Desexualization of Gender: The Concept of "Can" As an Opportunity for the Equality of Alevi Woman?

Friday, 20 July 2018: 16:15
Oral Presentation
Elif YILDIZLI, Westphalian Wilhelms-University of Münster, Germany
Gender equality is central in Alevism and is defined as the article of faith. However, the public and private discourse is implicitly shaped by a certain concept of "Alevi woman". In the secular space the role of Alevi woman is defined by gender and sex (following Butler) in order to reproduce patriarchal and cultural values. But in the religious space neutrality of the sexes is underlined by the concept of "Can" (soul) that means de jure that there is no gender separation. The Alevi ritual is being carried out together by women and men together. In the secular world, however, the Alevi woman still struggles for equality. For example, family honour is still defined by women's body (sex).

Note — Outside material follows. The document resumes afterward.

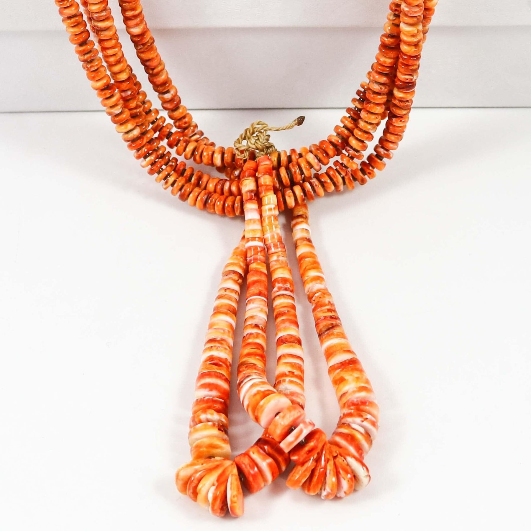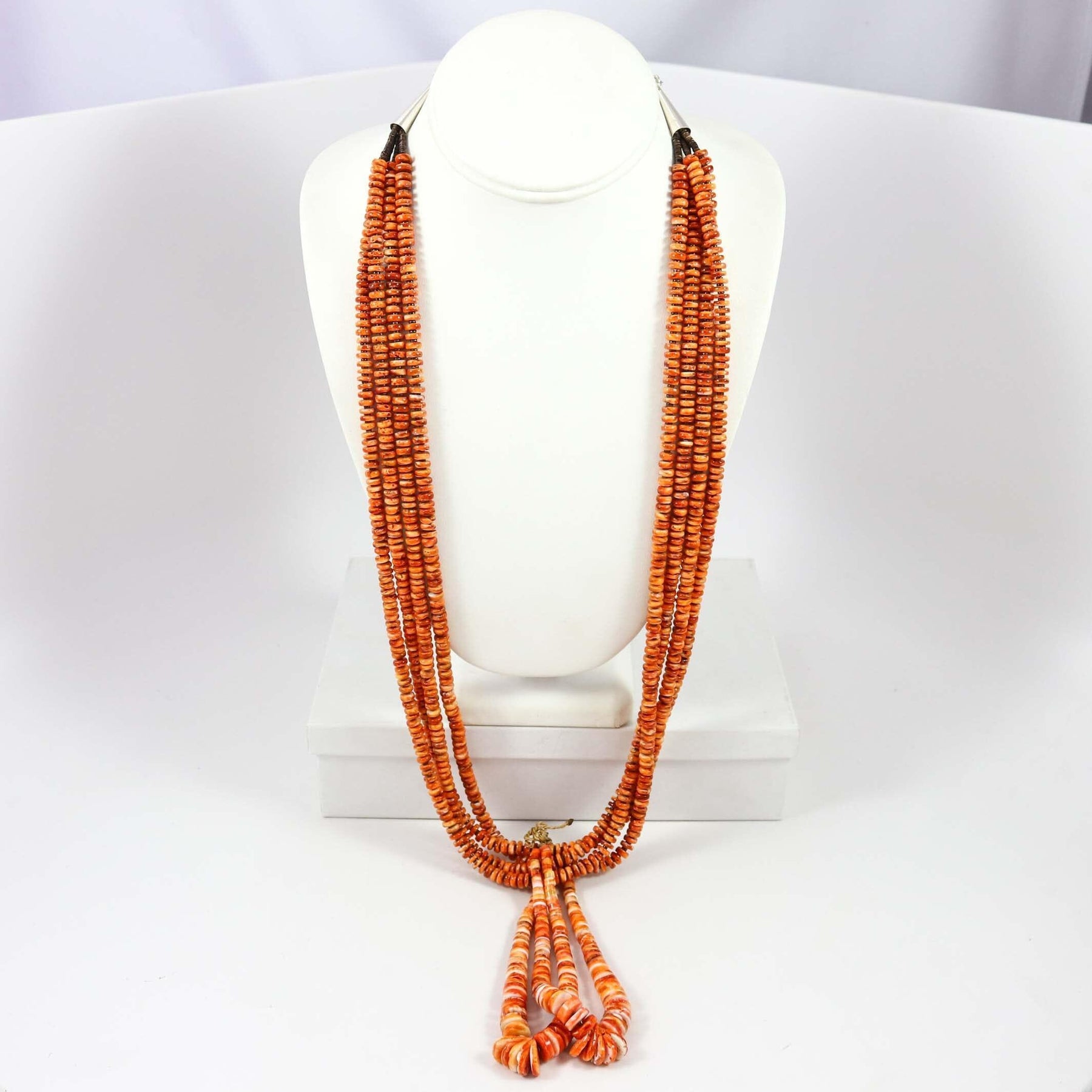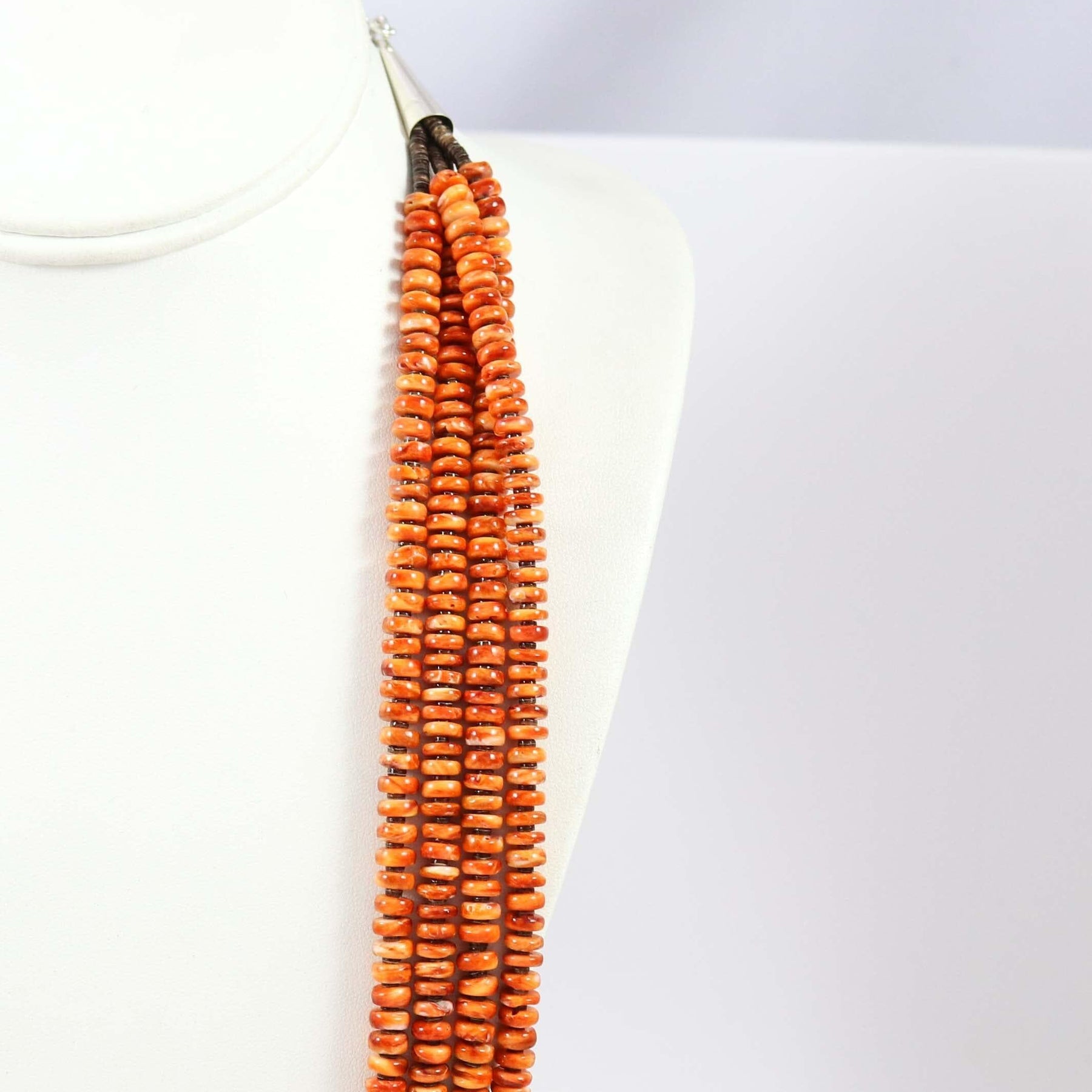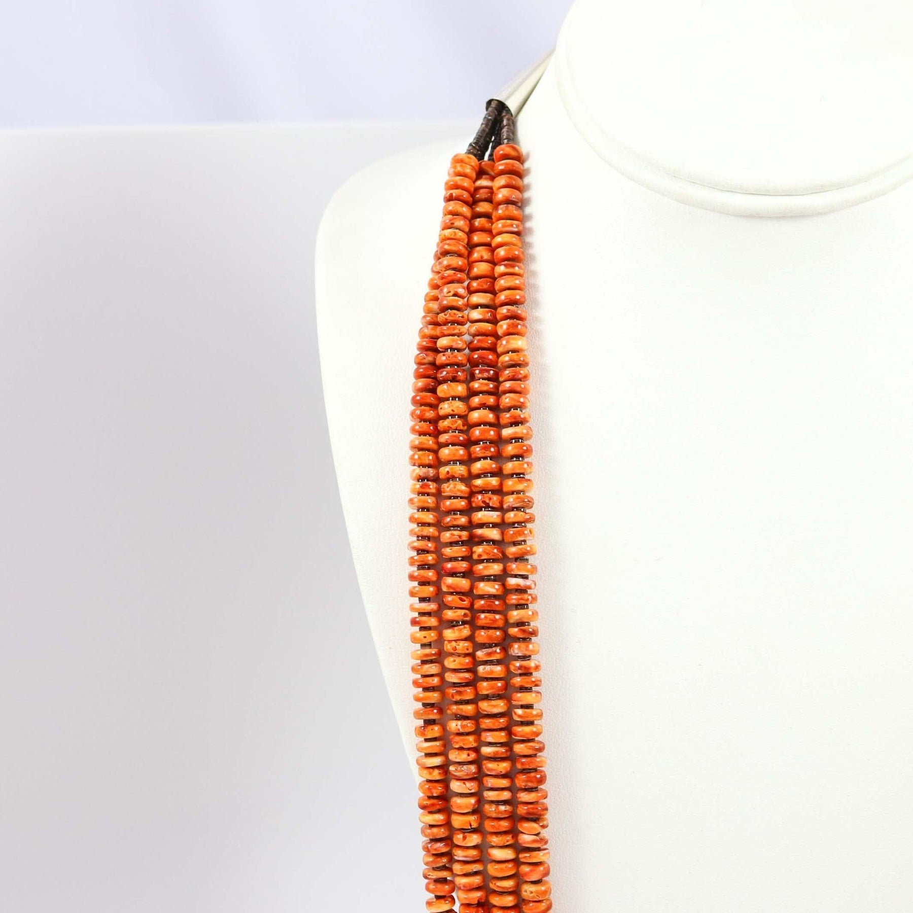 Four Strand Jacla Necklace with Hand Rolled Spiny Oyster Shell Beads with Pen Shell Spacers and Matching Spiny Oyster Shell Jaclas.
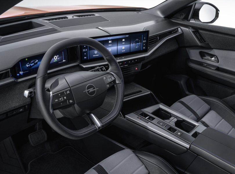 Das Cockpit umfasst einen sehr großen (16 Zoll) und flachen Bildschirm auf der Center-Konsole sowie ein Zehn-Zoll-Fahrer-Infodisplay hinterm Lenkrad Foto: Opel

Taking a closer look at the "Can"-principle, it should be noted that it’s not adequately practiced in the religious sphere because women are not allowed to lead a Cem (Alevi ritual). Nevertheless the "Can"-concept is a resource for participation of Alevi women, because of its de-sexualizing function. This concept of equality is raised as a positive modern feature of the Alevis in contrast to "anti-modern Sunnis" in the public discourse. Even for Alevis the rigid dogmatic, man-controlled secular space, as well as religious space, proved to be a fallacy.

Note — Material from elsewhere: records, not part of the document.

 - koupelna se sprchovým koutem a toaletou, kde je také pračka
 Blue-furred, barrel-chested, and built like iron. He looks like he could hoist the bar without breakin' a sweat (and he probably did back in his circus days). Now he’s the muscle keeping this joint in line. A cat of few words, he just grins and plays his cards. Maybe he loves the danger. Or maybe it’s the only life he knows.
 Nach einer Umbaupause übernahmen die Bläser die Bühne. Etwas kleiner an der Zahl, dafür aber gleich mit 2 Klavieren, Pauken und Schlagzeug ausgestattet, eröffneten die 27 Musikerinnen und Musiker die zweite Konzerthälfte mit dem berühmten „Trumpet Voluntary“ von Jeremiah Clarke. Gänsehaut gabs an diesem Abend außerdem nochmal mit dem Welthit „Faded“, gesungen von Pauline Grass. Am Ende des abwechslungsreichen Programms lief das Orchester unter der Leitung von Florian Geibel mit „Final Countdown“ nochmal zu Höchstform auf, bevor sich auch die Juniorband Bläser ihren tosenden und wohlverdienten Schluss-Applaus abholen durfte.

The question of equality of the "Alevi woman" is a theoretically as well as an empirically relevant question regarding the fact that scientific work about this topic forms a desideratum. The talk concentrates on making the religious concept of "Can" theoretically useful for the discourse of the "(unequal) role of women in Alevism" and to investigate how the desexualization of gender with the concept of "Can" could be a resource-function of religion in the broadest sense.